Medallion’s shares, after a lackluster start to the year, started to bounce back last April in the wake of rumors of its probable agreement in Oman. As of the past week, medallion was trading at levels (about USD$ 0.30/share) not seen since the rare earth heydays of 2011. What is surprising is the speed of that bounce. Medallion is rather different from the other companies in the Index and in the space because it does not own a mine. Medallion is exclusively targeting the processing aspect of the business. Medallion plans to process monazite from mineral sands, derived from other sources in expectation of avoiding traditional mining companies’ development risks. The favorable market response is likely the result of Medallion’s management preparations to locate the site for their intended sand processing facility.
Why Oman? Oman offers a stable political and social environment with excellent infrastructure and strategic geography. Oman’s laws facilitate foreign investment, especially in the field of technology, transportation, electricity and water supply. Unlike many Gulf and North African petro-dollar fueled economies, Oman has instituted a transparent investment climate (Transparency International ranks it 28th in the world), which reduces risks for foreign companies interested in doing business. This is very important now that many corporations face increased shareholder scrutiny on matters of corporate sustainability. There are also Free Zones, offering financial incentives for investors and tax and customs tax. Oil and gas still account for 40% of GDP, but thanks to a determined economic diversification policy, that share is decreasing as new industrial and economic avenues are being pursued.

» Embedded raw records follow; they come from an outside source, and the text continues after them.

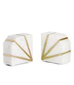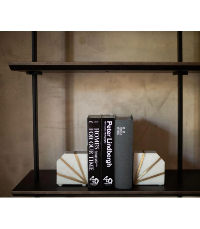 Serre-livres décoratifs en marbre blanc et métal doré.
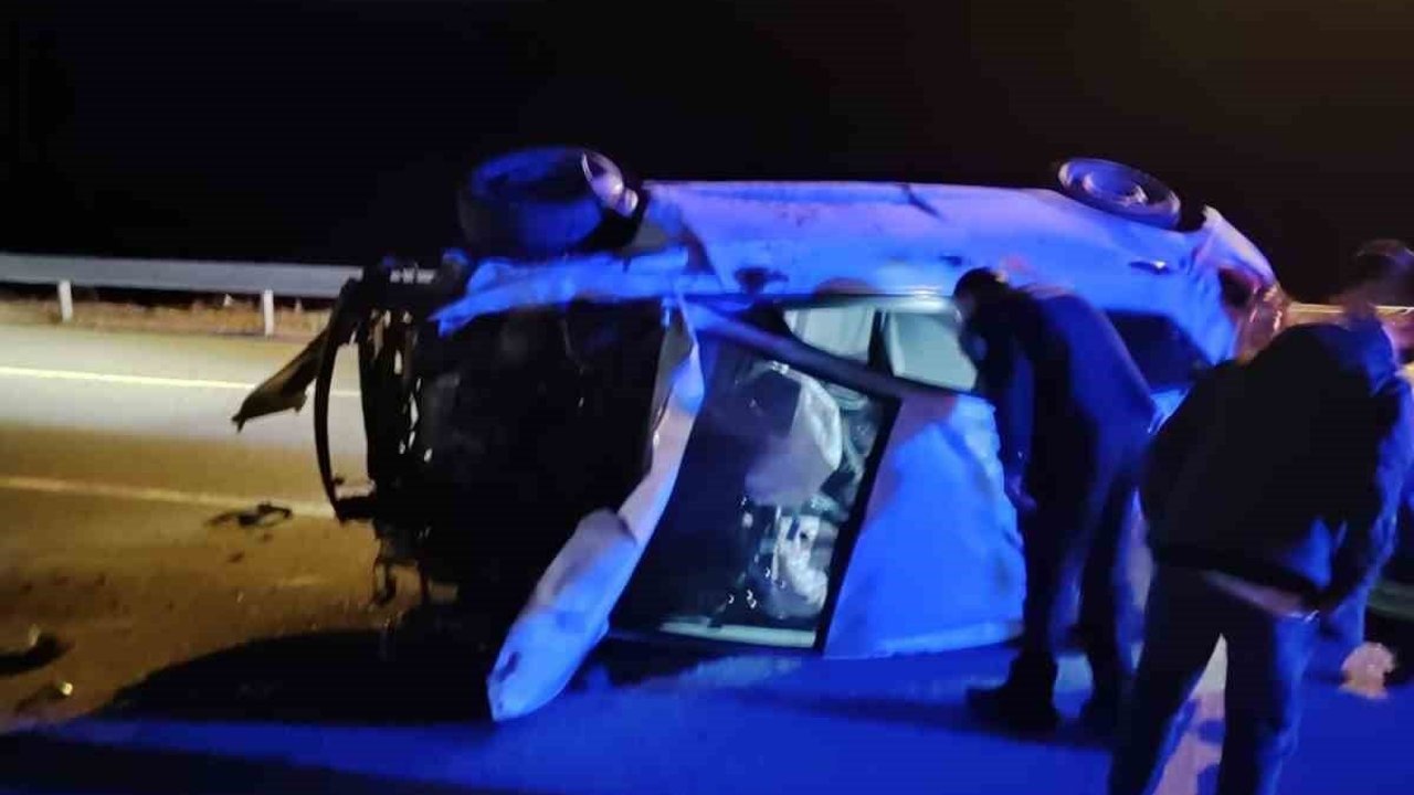 Kayseri'nin Bünyan ilçesinde kontrolden çıkan otomobil yan yattı.
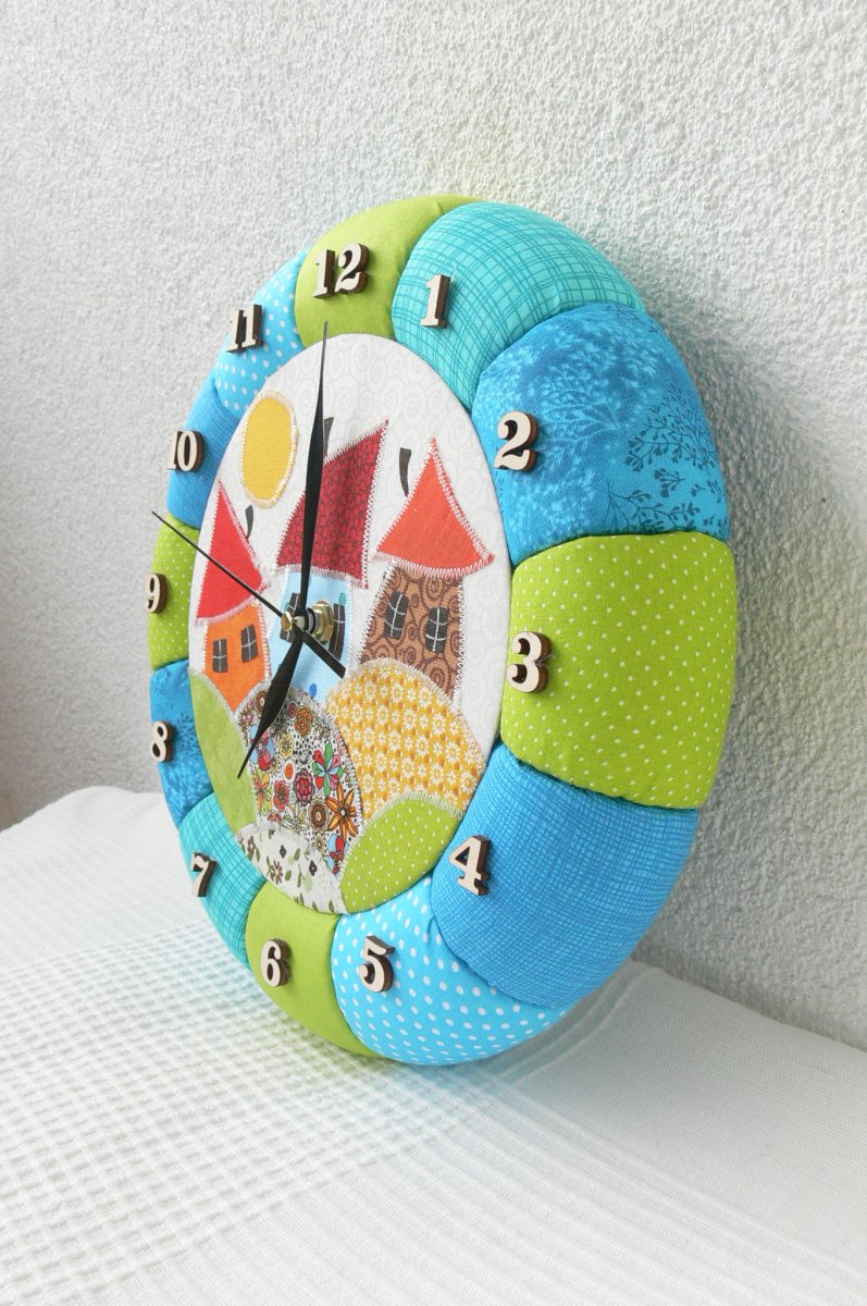 Originální patchworkové hodiny do dětského pokoje. Průměr hodin je 28cm a tloušťka 6cm. Tyto hodiny mají plynulý chod strojku, tudíž je děti v pokoji vůbec neuslyší a nebudou je rušit při spánku. Hodinový strojek chodí na 1ks tužkové baterie.

Medallion is not testing new ground by investing in Oman; indeed, the Brazilian mining giant, Vale SA, has established one of its most important and technologically advanced facilities for the production of iron ore pellets for distribution to Asia. Oman would be able to supply the labor, materials, logistics and infrastructure under an agreeable risk umbrella. Oman, moreover, has been improving its infrastructure to ease trade and shipping; this is especially true in Duqm, which recently inaugurated a new port featuring the deepest basin of the Middle East anchor to moor supertankers and accommodate several vessels.